晋舒意已然下地的脚又收了回去,少爷眼疾手快,上去扯住人:“阿姊你真的做什么了?”
“没有。”晋舒意扒拉他的爪子,“我喝多了,头还疼,我再眯一会。”
“阿姊得起来了,淮公子昨夜着了风起热,今晨大夫来又开了药才退下,外祖叫你一醒就去看看。

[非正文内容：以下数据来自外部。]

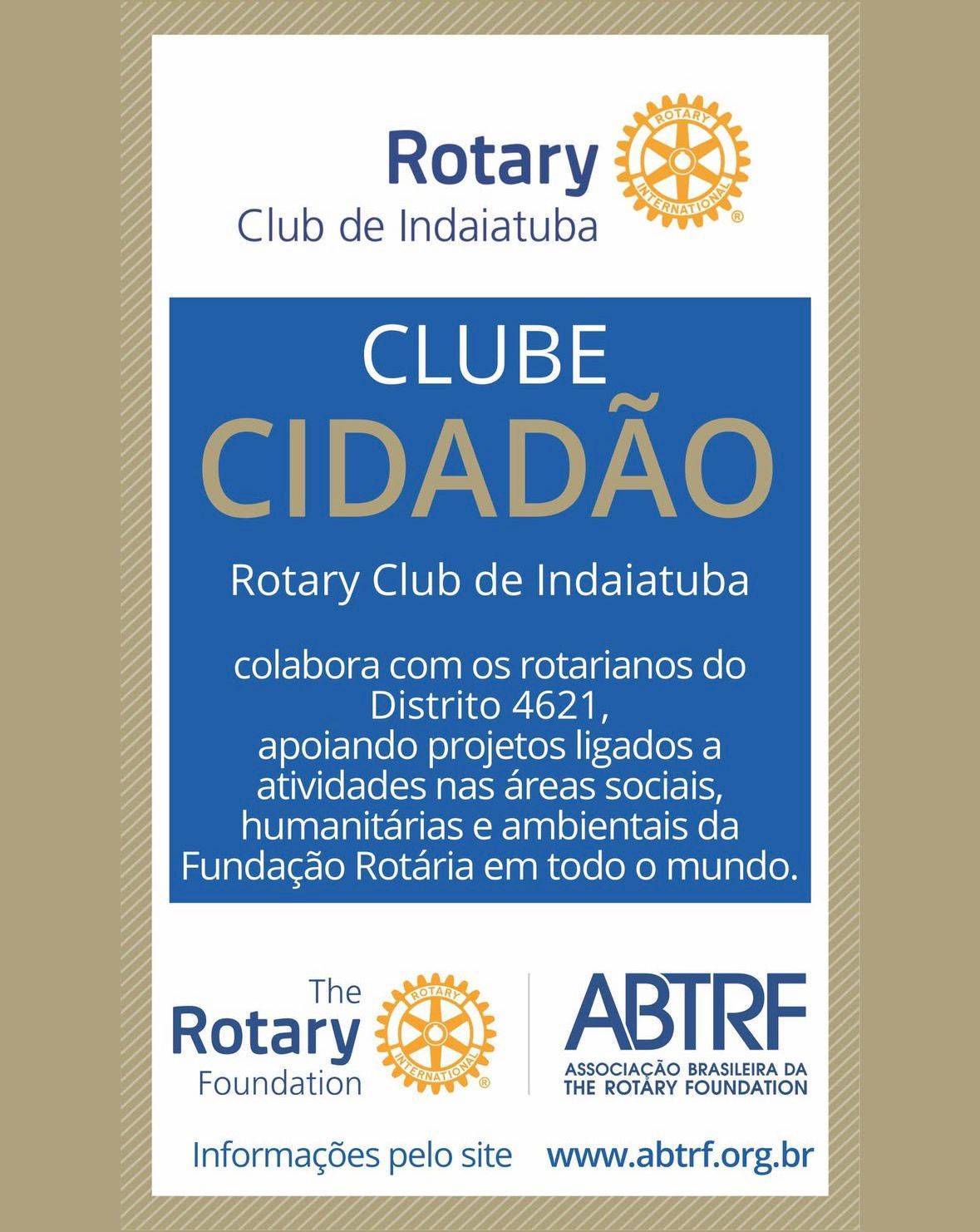 O Rotary Club de Indaiatuba agradece, com profundo reconhecimento, a todos os companheiros, amigos e empresas parceiras e que contribuem para o fortalecimento dos projetos sociais, humanitários e ambientais apoiados pelo Clube Cidadão, em consonância com os ideais da Fundação Rotária.

”
“有你在,就不必了。”
“那怎么行?!若不是你昨夜去打搅,怕是不会这般厉害。”少爷压声道,“外祖只道他是京中过来谈合作
的客人,没多说什么,可阿姊我们自己可得记得,人家万不是简单一个商人呢,若是照顾不周,往后回京怎么办?”
他说着又催促道:“阿姊还是赶紧老老实实去赔礼道歉吧!”
记忆如洪水般倾袭而来,晋舒意一路走得脚步都灌了铅。
许是睡前被喂过醒酒汤,她竟是将全部都记起来了。
一帧帧,一幕幕,走马灯似的无限循环在脑中,搅得她几次三番都打了退堂鼓。
她怎么就能把淮砚辞当成了水从简呢?!
明明二人除了脸全无相似。
还有那个淮砚辞,简直不是个东西,他竟然该死的故意诱她。
什么叫每次都趁机亲他?他知道什么就信口胡邹?!
简直不知所谓!
她是喝醉了不晓事,他难道也醉了不成?!
直接喊玄护卫给她敲晕了丢出去就是了,那种时候客气什么?
“晋小姐。”
一抬头,玄枵已经站在院门边看着她。